Bye has served as president of the FSU Research Foundation, chair of the National Association of State Universities and Land-Grant Colleges' (NASULGC) Council on Governmental Affairs, and a member of the Oak Ridge National Laboratory Board of Governors. He currently sits on the board of Oak Ridge Associated Universities and the NASULGC Board of Directors. He has also been a member of the boards for the Tallahassee-Leon County Economic Development Council, Economic Club of Florida, and Leon County Research and Development Authority. Bye has received the NSF Distinguished Service Award and the President's Meritorious Executive Award.
He holds a Ph.D. and M.A. from Kent State University and a B.A. from Rhodes College, all in political science.
As chief science advisor, Fenwick provides strategic planning and leadership for the National Research Initiative (NRI) and other integrated and educational competitive programs, which span more than 25 scientific disciplines within eight major subject areas in the biological, environmental, physical, and social sciences.
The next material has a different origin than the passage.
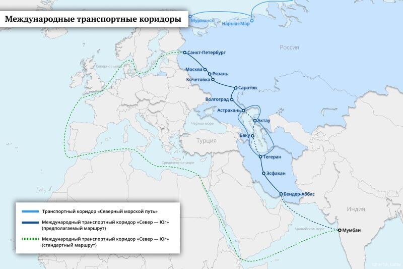 Плюс Трамп перерубает Международный транспортный коридор (МТК) «Север – Юг» (см. фото №2,3). Его даже называют альтернативой Суэцкому каналу, поставки по которому из Мумбаи в Санкт-Петербург занимают около 30-45 дней, а по МТК они займут в два раза меньше времени – 15-24 дня.

He also is the principal communicator for the Competitive Programs and the NRI.
Since 1988, Fenwick has been a faculty member in the College of Veterinary Medicine at Kansas State. Board Certified by the American College of Veterinary Microbiologists, he is an expert on infectious diseases, holds three patents, and has received more than $7 million in competitive research funding. He has served in a number of capacities at the university: associate dean, assistant department head, president of the faculty, several directorships, and chair of numerous university and college committees.
Fenwick is a member of both the U.S.-European Commission Taskforce for Biotechnology and the Biotechnology Working Group of the state department's Committee on International Economic Policy. He chairs the federal interagency working group on microbial genomics for the Office of Science and Technology Policy, is a program evaluator for the Non-Proliferation Engagement of Soviet Biological Weapons Scientists – Civilian Research and Development Foundation, and is the editor of a major scientific journal. He is a Fellow with the American Council on Education and sits on the Council on Research for the American Veterinary Medical Association and the board of directors of the Council for Agricultural Science and Technology. His honors include the Beecham Award for Research Excellence, Yarborough Medicine Award, Sigma Xi Outstanding Scientist, and Kansas Distinguished Service Award.
After earning his D.V.M. and master's degrees from Kansas State University, he completed a residency in anatomic pathology and received a Ph.D. in comparative pathology from the University of California.